That distinction matters. Legacy OOH sold you potential exposure but pay-per-play removes the guesswork entirely. You see exactly how many times your creative ran. Nothing more, nothing less.
That transparency aligns directly with how performance marketing budgets already work. Digital marketers expect verified delivery as a baseline. Pay-per-play brings that same accountability to physical screens making DOOH a far easier sell internally. And once the buying layer gets automated, the model scales fast.
Point of Interest (POI) Targeting
POI targeting activates screens near specific high-intent locations. It goes beyond simple geotargeting by layering behavioral context on top of geography.
Where geotargeting says “show my ad in this zip code,” POI targeting says “show my ad on screens within 500 meters of every competitor location in this city.” That precision ensures your message reaches people in a relevant behavioral context, for example someone walking past a gym is more receptive to a fitness brand than someone in a random residential corridor. POI targeting turns proximity into a closing argument.
Private Marketplace (PMP)
A private marketplace is an invitation-only auction where select advertisers bid on premium inventory before it hits the open exchange. PMPs offer brand safety and priority access at higher CPMs, balancing exclusivity with programmatic efficiency.
For advertisers running sensitive brand campaigns or targeting premium screen locations, PMPs guarantee access to inventory that may never appear on the open market. The trade-off is cost: PMP CPMs run higher than open exchange rates, but the placement quality and brand adjacency justify the premium for the right campaign.
Programmatic DOOH (pDOOH)
Programmatic DOOH (pDOOH) is the automated buying, selling, and delivery of digital out-of-home advertising through software platforms, without manual insertion orders or direct sales negotiations.
Real-Time Bidding (RTB)
Real-time bidding is the auction process where ad impressions are bought and sold in milliseconds as a screen becomes available. When a slot opens, the SSP broadcasts a bid request carrying contextual data — location, time, traffic volume, audience estimates. Your DSP evaluates the opportunity against your campaign parameters and submits a bid automatically. The highest bid wins and the creative renders on screen almost instantly.
RTB is what makes programmatic DOOH genuinely programmatic. Without it, you’re back to manual negotiations and fixed contracts. With it, every impression is individually evaluated and competitively priced based on real-time market conditions.
Share of Voice (SOV)
Share of Voice is the percentage of total ad slots on a given screen that your creative occupies over a set time period. If a screen runs a 60-second loop with six advertisers and you own two slots, your SOV is roughly 33%.

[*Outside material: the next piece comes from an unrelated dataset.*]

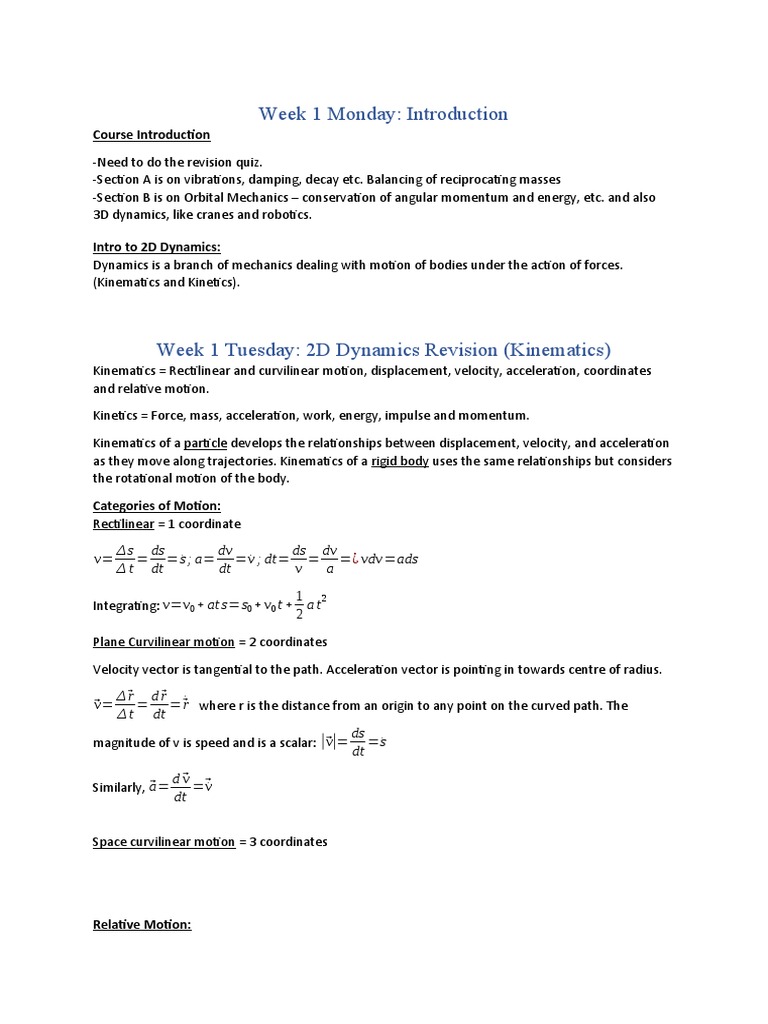 Week 10 Monday Lecture (1) – 3D Motion Equations

In programmatic buys, SOV isn’t guaranteed the way it is in a direct buy where you might own 100% of a screen’s rotation. A higher CPM bid can increase your SOV, but you’re competing against other advertisers in real time. Understanding SOV helps you calculate effective frequency and determine whether a single screen is delivering enough exposure to justify the spend.

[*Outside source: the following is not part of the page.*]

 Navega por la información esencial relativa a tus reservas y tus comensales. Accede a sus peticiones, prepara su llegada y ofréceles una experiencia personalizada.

Supply-Side Platform (SSP)
An SSP is essentially software used by media owners (billboard operators, transit authorities, venue networks) to list, manage, and sell their digital screen inventory programmatically. Think of it as the seller’s control room.

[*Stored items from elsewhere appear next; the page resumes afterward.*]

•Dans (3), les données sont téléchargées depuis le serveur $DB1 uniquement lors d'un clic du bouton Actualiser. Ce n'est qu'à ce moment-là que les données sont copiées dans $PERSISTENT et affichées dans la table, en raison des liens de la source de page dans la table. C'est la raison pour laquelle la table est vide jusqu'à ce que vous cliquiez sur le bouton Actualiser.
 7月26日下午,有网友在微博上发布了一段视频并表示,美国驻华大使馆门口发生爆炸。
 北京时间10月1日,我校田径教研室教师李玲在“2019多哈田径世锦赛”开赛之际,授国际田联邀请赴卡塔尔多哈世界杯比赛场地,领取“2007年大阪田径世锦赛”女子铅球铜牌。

SSPs aggregate inventory across hundreds or thousands of screens, making that supply discoverable to global advertisers without manual outreach. When a buyer triggers a campaign, the SSP feeds available impressions into an automated auction, bids clear in milliseconds, and the winning creative fires on-screen. The ecosystem flow: screen owner → SSP → auction → DSP → advertiser.
Viewability / Viewing Cone
The viewing cone is the physical area from which a screen’s content is realistically visible to a passerby. It accounts for angle, distance, obstructions, and sightline to determine who actually had the opportunity to see the ad.
Attribution models use the viewing cone to filter device IDs. A phone detected 200 meters away behind a building doesn’t count as an exposed device. Overextending the cone floods your attribution model with false positives and inflates your numbers. Tight, realistic viewing cone definitions keep your measurement honest and your CPM math accurate.
Key Takeaways
- Automation is the baseline: pDOOH moves outdoor advertising from manual spreadsheets to real-time auctions, drastically reducing lead times.
- Contextual power: using triggers like weather, traffic, and time-of-day ensures every impression is relevant and waste-free.
- Multiplier effect: unlike standard digital, one DOOH play reaches many people, making it a highly efficient top-of-funnel channel.
- Measured impact: from foot traffic lift to verified pay-per-play counts, DOOH is now as accountable as mobile or web.
FAQ
What is the difference between OOH and DOOH? OOH is any advertising that reaches consumers outside their homes using static formats like printed billboards, posters, and bus wraps. DOOH uses networked digital screens that update in real time, enabling dynamic creative, contextual triggers, and programmatic buying.
What does programmatic mean in DOOH? Programmatic refers to the automated transaction, buying inventory through a DSP with real-time bidding rather than manual phone calls and insertion orders. The screen is digital either way, but programmatic means the buying, targeting, and optimization happen through software in milliseconds.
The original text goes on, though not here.